Salvage prostatectomy for post-radiation adenocarcinoma with treatment effect: Pathological and oncological outcomes
Introduction: Prostate biopsies following localized radiation therapy for prostate cancer often demonstrate residual prostatic carcinoma with treatment effect (CTE). The final oncological outcome of prostatic CTE is currently uncertain. We studied the pathological and oncological outcomes for a large cohort of patients who had CTE on post-radiation therapy biopsy and subsequently underwent salvage radical prostatectomy (SRP).
Methods: A single-centre retrospective review of all SRPs performed from 1995‒2014 was performed. Cases were selected for this analysis if they had had a post-radiation “for-cause” biopsy. Biopsy results were compared to final pathology results following SRP. Pathological and clinical outcomes were compared by extent of treatment effect seen on the post-radiation biopsy.

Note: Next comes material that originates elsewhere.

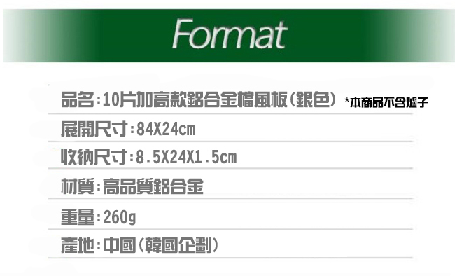 | 【商品名稱或型號】 | 【韓國SELPA】十片加高款鋁合金擋風板(銀色) |

Results: A total of 70 patients who had salvage prostatectomy at MD Anderson Cancer Centre from 2007‒2015 met study criteria. CTE was found on biopsy in the absence of other adenocarcinoma in 16 patients. Among them, one (7%) patient had no evidence of carcinoma at the time of salvage prostatectomy, four (27%) had CTE, three (20%) had adenocarcinoma with minimal or partial treatment effect (PTE), and seven (47%) had adenocarcinoma with no treatment effect (NTE). For those with CTE on biopsy, 69% had biochemical recurrence at a median time of 0.4 years (interquartile range [IQR] 0.22‒1.52) vs. 52% for all patients (median 0.44 years, IQR 0.11‒1.70) and 47% for those with no treatment effect (median 0.62 years, IQR 0.05‒1.90). Metastasis developed after salvage prostatectomy in 11.8% of the whole cohort (8/68, median time to metastasis was 3.03 years, IQR 2.45‒4.47), 26.7% of patients with CTE (median 3.2 years, IQR 1.96‒4.44), and 6.7% of patients with NTE (median 2.45 years, IQR 0.98‒2.86). Median recurrence-free survival was 2.78 years (95% confidence interval [CI] 0.84‒5.43) for all patients, 0.51 years (95% CI 0.22‒2.35) for those with CTE, and 4.95 years (95% CI 0.95‒7.08) for those with NTE; the difference was not significant (p=0.13). On multivariate analysis, pre-SRP biopsy Gleason grade <7 (hazard ratio [HR] 0.38; 95% CI 0.14‒1.02) and number of biopsy cores positive for carcinoma (HR 1.11; 95% CI 1.00‒1.22) were significant for prediction of cancer recurrence.
Conclusions: Patients undergoing salvage prostatectomy for CTE or PTE demonstrated in a for-cause biopsy after radiation therapy had pathological evidence of viable, untreated cancer in more than 50% of cases and were at significant risk of adverse pathological features. Patients with CTE may therefore benefit from salvage radical prostatectomy. Our study is limited by its retrospective nature and sample size. More studies are required to further validate our findings and assess the benefit of SRP in this population.